Alternatively, the sequence data obtained from original author are verified to match the description in the article (we have already hit cases when this was not true and the issues had to be resolved by mutual discussion).

2. Curator normalizes any measured values which quantify efficiency of IRES segments studied to the respective negative and positive controls. For example, curator converts activity or luminescence units to percentages by recalculating the measured/reported values of the putative IRES and brings them to scale with the positive control (positive control has by definition 100% activity). When no positive control has been used the activity of the putative IRES is set to 100% and activity of the negative control is scaled accordingly. The existence of consistently scaled values will help in orientation in collected data and maybe could also make some results directly comparable to each other (when same signal genes and controls were used). Unfortunately, the reported reproducibility is sometimes very low.

3. When no numeric data are available from article or authors (e.g. only spots on dot-blots were published) curator uses his/her lab experience to make a reasonable guess while making a note in Remarks section. Curator tags the record with certain values to emphasize the value is a guess.

4. Curator annotates whether the integrity of the transcript derived from a plasmid has been verified and how exactly. For example, Northern blot assay cannot be considered as sufficient verification of transcript integrity because it does not confirm the molecule was really complete in its full-length (as required) and the sensitivity is not sufficient either (Han and Zhang, 2002; van Eden et al., 2004). Currently, only RNase protection assay and RT-PCR and maybe few other sensitive methods not discussed herein we consider as sensitive enough to provide convincing results. Still, depending on the exact setup of the experiment there might arise some exceptions.

5. Special care is given to promoters used for in vivo and/or in vitro expression. Further, we also look in the publications whether the plasmids were shown to be without cryptic promoters. Clearly, the risk of cryptic promoter affecting published experiment can only be elucidated by analysis of complete sequences, even at the enormous cost of our work to obtain/reconstruct them. We justify the extra work also by the fact sequence data will be used for other purposes as well (search for rRNA complementarity, transcription factor binding sites and other promoter determinants) and their value will not degrade in time.

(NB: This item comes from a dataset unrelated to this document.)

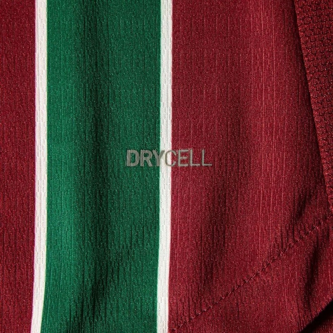 Escudo oficial do Fluminense emborrachado e texturizado no peito (lado esquerdo)
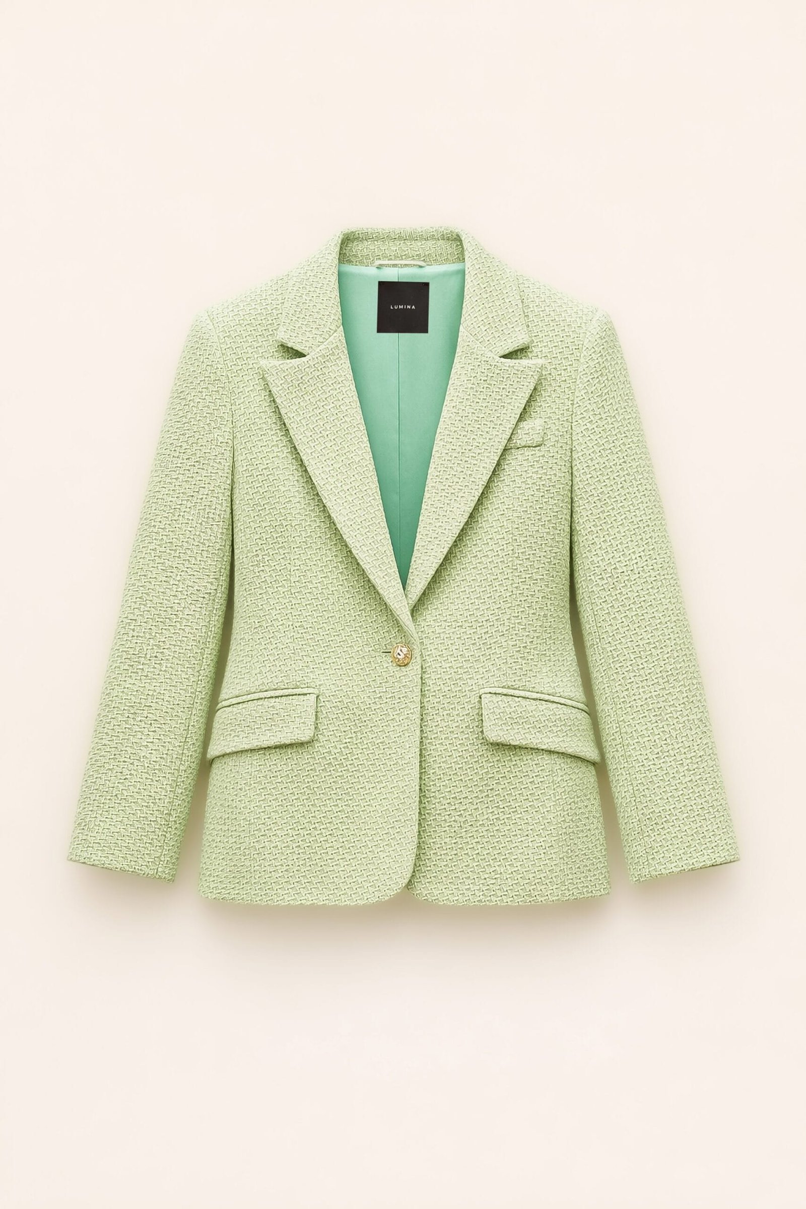Blazer made of cotton blend. Lapel collar and padded shoulders. It features pleats and flap pockets. Front button closure.

6. Curator annotates position of the IRES element within the underlying mRNA sequence and finds out what is the minimal part of IRES required for its activity.

7. Curator records how secondary structure of IRES reported was studied (using what kind of method or combination of methods). For example, enzymatic, chemical or physical-chemical approaches like UV-light cross-linking are used (Nishiyama et al., 2003; Shibuya et al., 2003). Curator re-types the structure using bracket notation into the database as already mentioned (possible improvement of the representation itself will be discussed during the project when more data accumulates).

8. Curator annotates which proteins (ITAFs) modulate IRES activity in each case. Additionally, proteins directly interacting with the RNA can be annotated. The solution is general and allows us to annotate interaction between any region on the RNA molecules with any protein, even with barely characterized protein (i.e. interaction of non-IRES containing regions with some yet uncharacterized protein can be recorded as well) and such region may of course overlap.

9. Curator lists all references used to annotate the respective database entry.

10. Curator includes additional important data in relevant Remarks sections and highlights any potential issues.

11. Super-reviewer will verify the annotated entry.

12. Curator contacts original authors of the publication entered into the database in the form of plasmid_with_promoter_and_putative_IRES_translationally_characterized records and asks for kind of verification of the data (before the data gets published or shortly after).

13. Both curator and super-reviewer learn from the feedback from original author and resolve potential issues.

Rating IRESs by their function and credibility of the primary experiments
The following is a draft version of rules which could be used in the future to consistently rate IRES segments by credibility of the original experimental results. Such rating would be extremely interesting and helpful not only to scientists who would wish to improve strength of their IRES segments but would also help novice scientists which "IRESs" should be avoided. Our aim is to show which IRES segments are best characterized and how. For consistency there has to be a list of clearly defined rules. Although the list might be too strict and incomplete we still believe without such a list the rating would be too subjective. We believe the list published below will be subject to many discussions within our team and the public. Currently it merely demonstrates how broad and diverse experimental evidence could be and how difficult will it be to make the rating. It also demonstrates what is the most difficult task curators will face -- to judge whether the conclusions published by authors are based on strongly supported evidence from current perspective. The list contains several proposed values of the field conclusion to be used to tag individual IRES segments with the message to show whether the IRES presence/activity is from the current perspective well justified by experimental evidence:

  1. true_IRES
    Records tagged by this value are the best characterized IRESs and the experimental results are convincing. The methods employed to prove the respective IRES were sensitive enough to form the basis for convincing interpretation of the results. This value is intended to be really used only for the best studied cases which should hopefully sustain even the critique of M. Kozak (Kozak 2001a,b,2003,2005; Schneider et al., 2001). ;)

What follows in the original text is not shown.